The Chan-Lam reaction of chalcogen elements leading to aryl chalcogenides

A copper-catalyzed chalcogenation of arylboronic acids with elemental sulfur or selenium is established, which provides diaryl disulfides or diaryl monoselenides in moderate to good yields with excellent selectivities, respectively. Moreover, after sequential reduction and coupling with aryl/alkyl iodides in one pot, unsymmetrical monosulfides were obtained in good yields.

Copper-catalyzed chalcogenation of aryl iodides via reduction of chalcogen elements by aluminum or magnesium

Aluminum-induced copper-catalyzed coupling of aryl iodides with selenium or sulfur element could afford the corresponding diaryl selenides or sulfides in good yields. When magnesium chloride as an additive was employed, diaryl monoselenides and monosulfides were selectively obtained. On the contrary, the use of sodium carbonate produced diaryl diselenides and disulfides. The preparation of diaryl diselenides was necessary for magnesium as a reductant. Regrettably, tellurium was very low reactivity.

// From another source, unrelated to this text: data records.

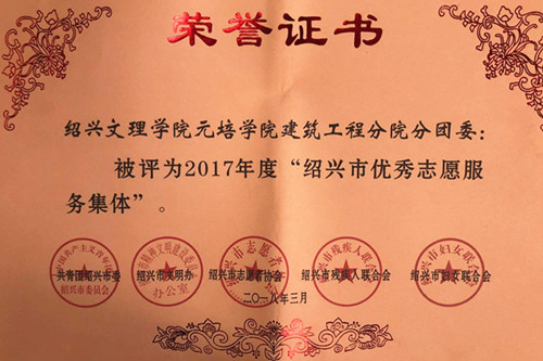 2017年,建筑工程分院分团委积极响应上级团委号召,在“一创一治”交通文明大会战、“河小二”护水行动中表现突出,并根据分院特色创建志愿服务品牌,获得多家校内外媒体报道,得到广泛好评。“护绿水青山,创美丽绍兴”、“河小二”志愿活动、绍兴国际马拉松志愿工作、文明城市复检志愿工作、“关爱聋哑儿童,温暖夕阳红”志愿活动参与人数总计达1000余人次。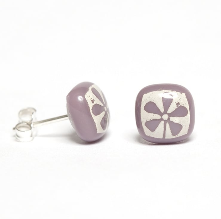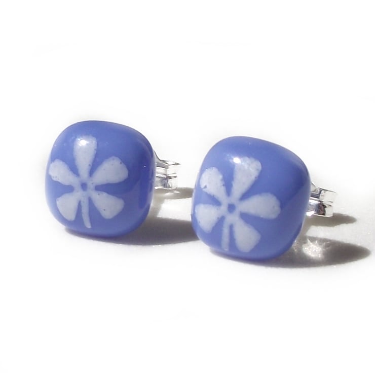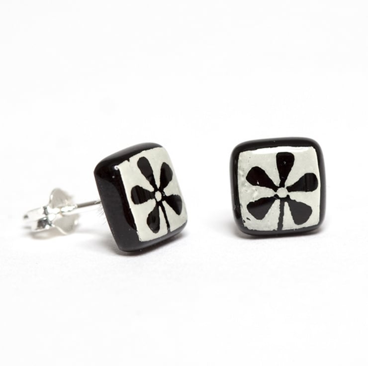 Tiny white daisies are screen-printed by hand onto bright coloured opaque glass to create these floral stud earrings. If you would like the flowers printed in black glass enamel, this listing can be found in the Earring Collection in my shop.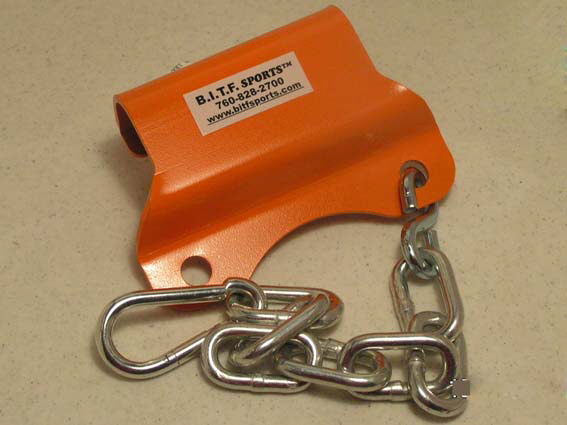 Perform monster T-bar rows for a fraction of the cost of those bulky, inflexible factory units, using less floor space! The perfect part to add to your home fitness equipment. More importantly for serious strength training, you are no longer restricted to the one bar that is permanently attached to those floor units. Our adapter allows you to use virtually any bar up to 1.75” in diameter in conjunction with any barbell. You can even use pull-down bars with fat, swivel cable attach brackets or canted curl bars. No more limitations! Crush your lats from every angle. Simple design is easy to use and extremely strong. Made from 3/16" laser cut steel and 1/4" proof coil chain. Finished in bright orange powder coat. All our parts come with a 30 day satisfaction guarantee and one (1) year warranty. For the greatest workout deal on this part and best package discount, check out our "Caveman" back & core training system!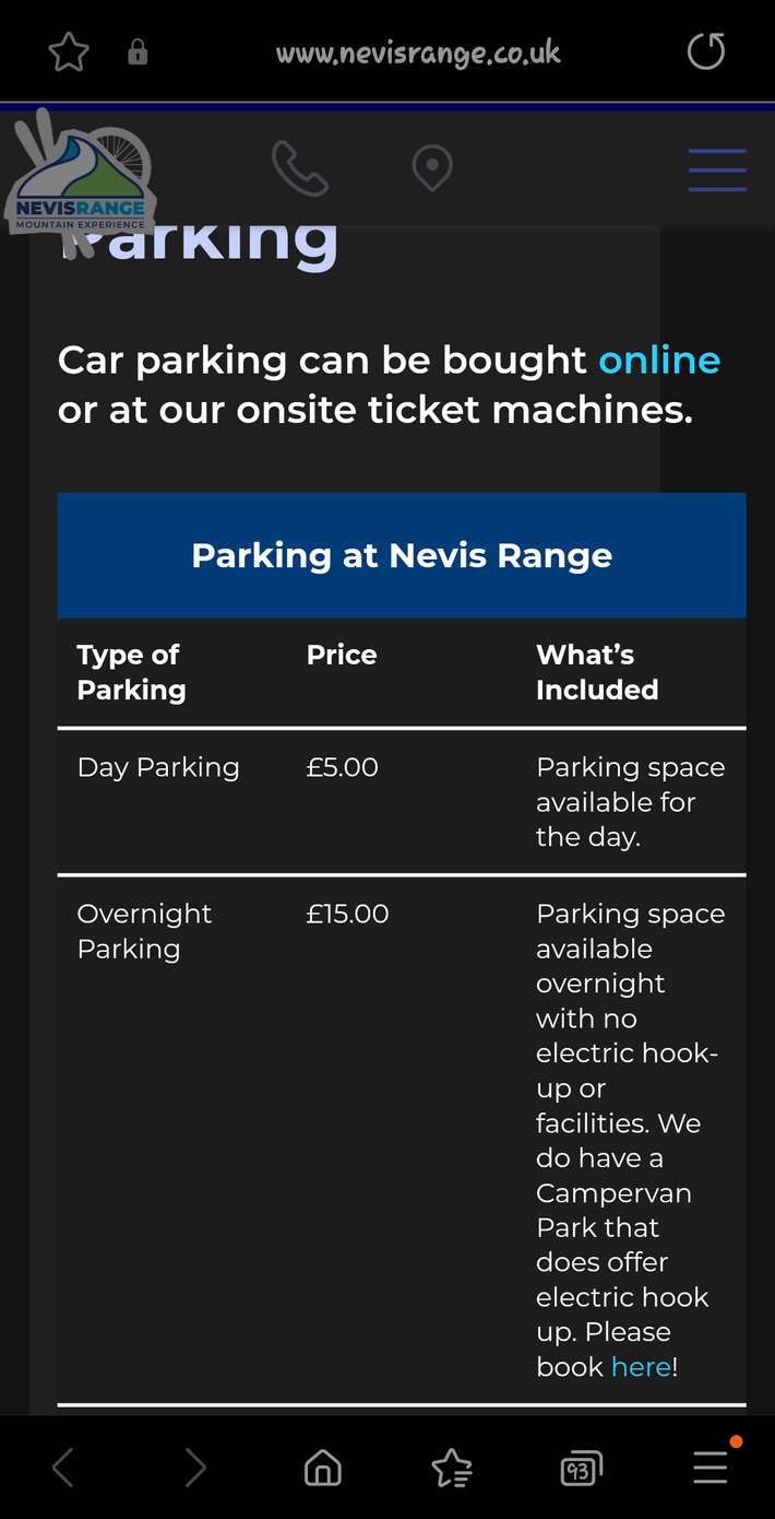 Camperlocatie aan de achterzijde van het bezoekerscentrum bevindt zich een kraan met drinkwater - toiletten en douches beschikbaar tijdens openingstijden centrum 3.5km

Deoxygenation of sulfoxides, selenoxides, telluroxides, sulfones, selenones and tellurones with Mg-MeOH

The deoxygenation of a variety of sulfoxides, selenoxides, telluroxides, sulfones, selenones and tellurones has been reported with Mg-MeOH at room temperature in nearly quantitative yields. The deoxygenation is proposed to proceed by SET from Mg to the substrate.

Mono- or dichalcogenation of aryl iodide with sulfur or selenium by copper catalyst and aluminum

The copper-catalyzed mono- or dichalcogenation of aryl halide with sulfur or selenium can be carried out with the addition of aluminum. This method takes advantage of two properties of both the insertion of copper into the chalcogen-chalcogen bond and the reductive ability of aluminum. Furthermore, the addition of MgCl2 or Na2CO3 enables the selective synthesis of diaryl monochalcogenides or disulfides. Georg Thieme Verlag Stuttgart.

A convenient method for the preparation of diaryl tellurides and diaryl selenides

Sodium hydrogen telluride or selenide reacts rapidly with aryldiazonium fluoborates to give the corresponding symmetric diaryl tellurides or selenides.